最も重要なこと:セッションは楽しまなければならない

 まるでパラノイアのようなことを言いますが、これは極めて重要な原則です。プレイヤーとして参加する以上、ゲームマスターや他のプレイヤーがつまらないと感じることがないように最大限の配慮を行うのが望ましいと言えます。自分が少しでもつまらないと感じてしまったなら、面白くするための方法を考えましょう。

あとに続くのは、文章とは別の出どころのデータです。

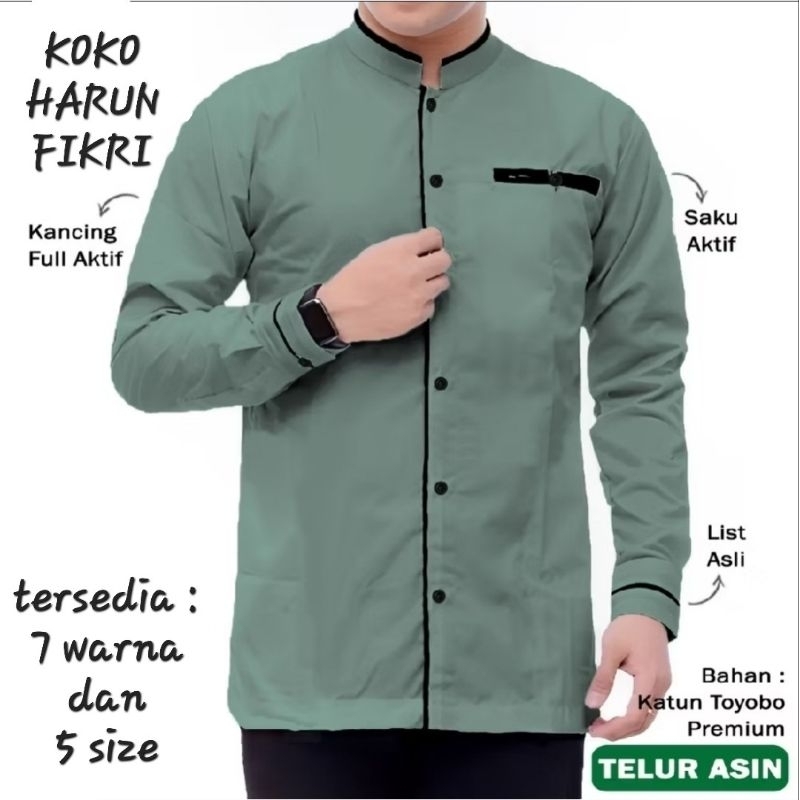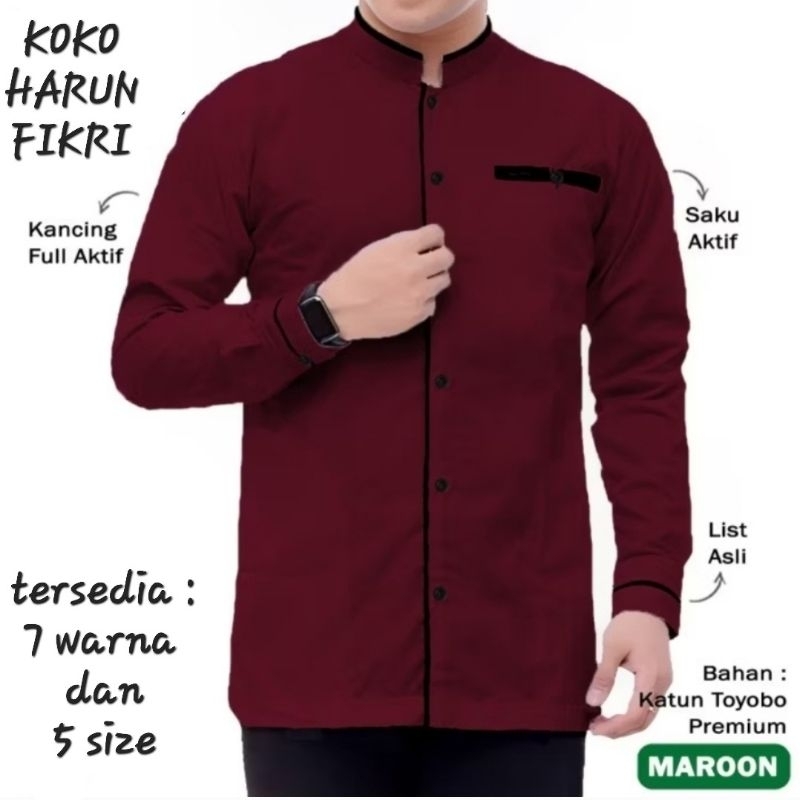 Kemeja Koko Harun Fikri Baju Pria Muslim Lengan Panjang ( Terlaris )

他の誰かがつまらないと感じていそうなら、その人を面白がらせる方法を考えましょう。

 最も格好のいいプレイヤーというのは「あのプレイヤーがいればどんなシナリオ、ゲームマスターさんでも楽しいセッションになってしまう」と言われるようなプレイヤーではないでしょうか。「一緒にプレイしたくなるプレイヤー」は、必ずしもデータに強いわけでも思考力が優れているわけでもなく、「楽しいを作り出すことに長けている」プレイヤーに違いありません。面白い行動で場を和ませたり、シナリオの味わいをより深めたり、他のプレイヤーの個性を引き出したり…そんな力のあるプレイヤーの姿こそ、目指すべきプレイスタイルなのです。

 

 

まとめ

 「私が参加したからには、このシナリオ、このセッション、あなたのキャラクターは面白くなります」と言える自負を持って、他のプレイヤーとの相談を欠かさないようにしながら、それぞれの思う面白さを引き出していくプレイングを心がけましょう。このような態度を意識するとき、もはや自分がゲームマスターとほとんど平等な地位にあって、セッションを盛り上げているのだと自覚することができるはずです。

 トラブルを避けるためというより、参加者全員でセッションを楽しむために、こうした態度を意識してみてはいかがでしょうか。